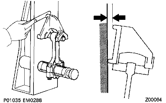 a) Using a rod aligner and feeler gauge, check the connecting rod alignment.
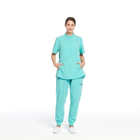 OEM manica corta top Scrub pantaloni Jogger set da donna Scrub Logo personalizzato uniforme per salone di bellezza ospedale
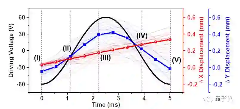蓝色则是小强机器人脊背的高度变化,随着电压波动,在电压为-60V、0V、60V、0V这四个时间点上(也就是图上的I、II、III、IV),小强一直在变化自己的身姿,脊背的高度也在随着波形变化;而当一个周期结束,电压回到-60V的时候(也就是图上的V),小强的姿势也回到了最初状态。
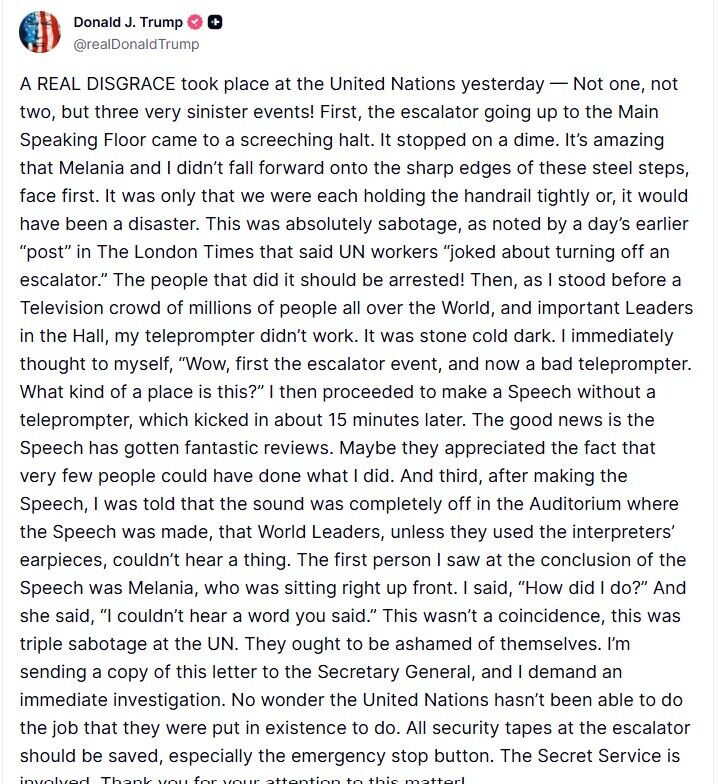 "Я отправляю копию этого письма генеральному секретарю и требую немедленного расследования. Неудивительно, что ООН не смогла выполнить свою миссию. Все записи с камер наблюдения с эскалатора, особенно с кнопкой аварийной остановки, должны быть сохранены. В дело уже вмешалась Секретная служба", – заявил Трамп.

Task directions:
Reproduce the data above verbatim, minus any images.

Worked solution:
 a) Using a rod aligner and feeler gauge, check the connecting rod alignment.
 OEM manica corta top Scrub pantaloni Jogger set da donna Scrub Logo personalizzato uniforme per salone di bellezza ospedale
蓝色则是小强机器人脊背的高度变化,随着电压波动,在电压为-60V、0V、60V、0V这四个时间点上(也就是图上的I、II、III、IV),小强一直在变化自己的身姿,脊背的高度也在随着波形变化;而当一个周期结束,电压回到-60V的时候(也就是图上的V),小强的姿势也回到了最初状态。
 "Я отправляю копию этого письма генеральному секретарю и требую немедленного расследования. Неудивительно, что ООН не смогла выполнить свою миссию. Все записи с камер наблюдения с эскалатора, особенно с кнопкой аварийной остановки, должны быть сохранены. В дело уже вмешалась Секретная служба", – заявил Трамп.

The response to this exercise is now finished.